__WHAT THE EXERCISE ASKS__: The lines to transcribe run from the top of the material below to the line with "Pasadas las 20", inclusive. Leave the pictures behind.

__MATERIAL PROVIDED__:
━━━━━━

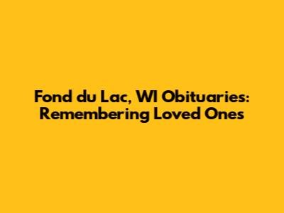 Fond Du Lac, WI Obituaries: Remembering Loved Ones
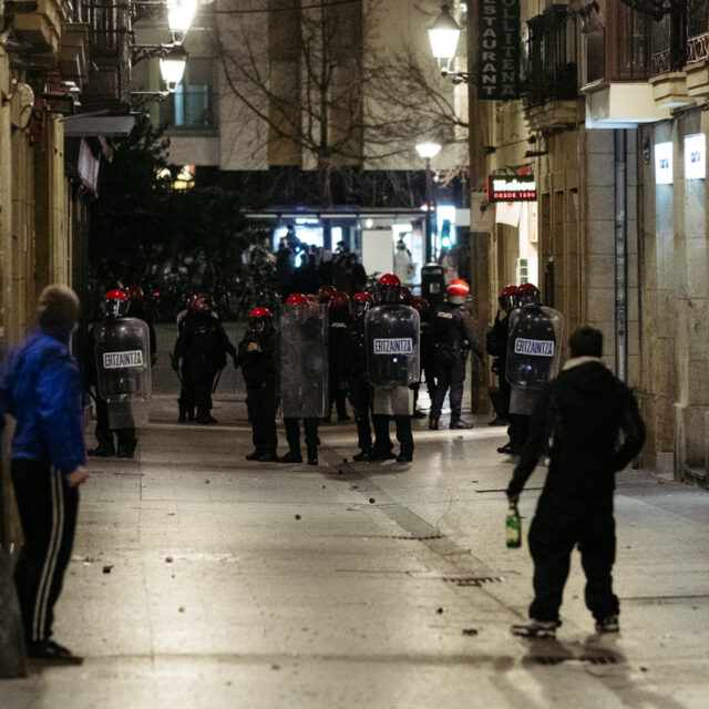 Pasadas las 20 horas ha vuelto a estallar el conflicto, motivado por el rechazo a las restricciones de la pandemia, y la Ertzaintza ha vuelto a tomar las calles
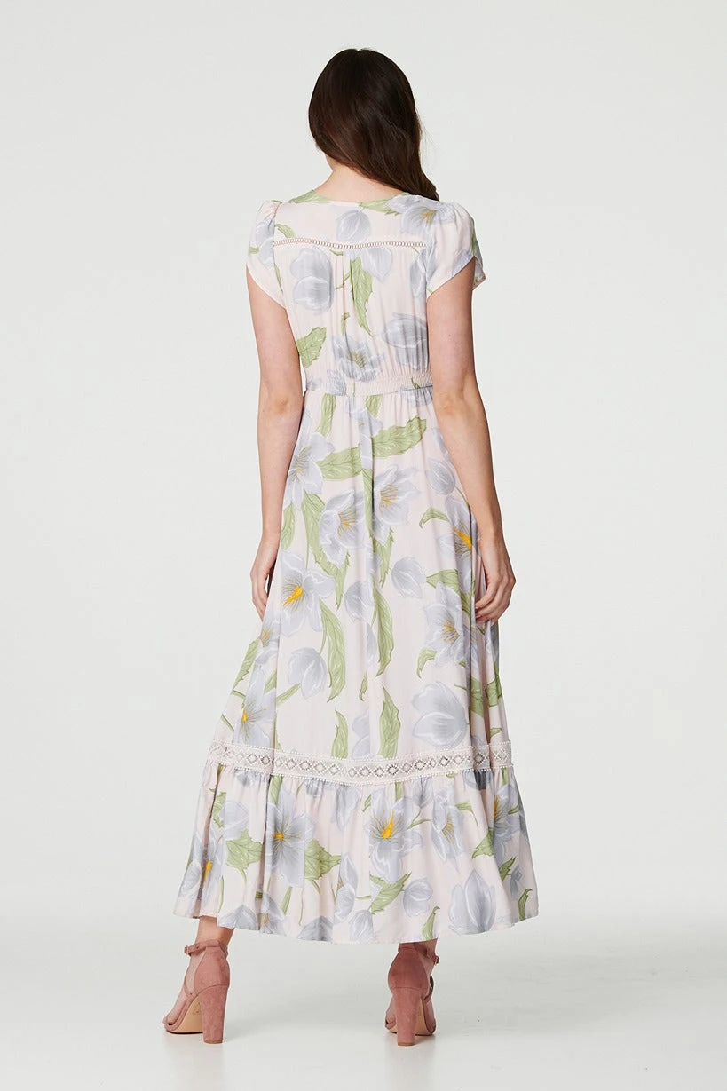 You’ll certainly suit summer in this floral dress. It has a relaxed fit with a shirred waist to keep you cool even on a hot day. This dress has buttons, short tulip sleeves and a v-neck – but the real drama happens on the skirt which includes lace details, a front split and a frill maxi length hem.

━━━━━━

__ANSWER TO THIS EXERCISE__:
 Fond Du Lac, WI Obituaries: Remembering Loved Ones
 Pasadas las 20 horas ha vuelto a estallar el conflicto, motivado por el rechazo a las restricciones de la pandemia, y la Ertzaintza ha vuelto a tomar las calles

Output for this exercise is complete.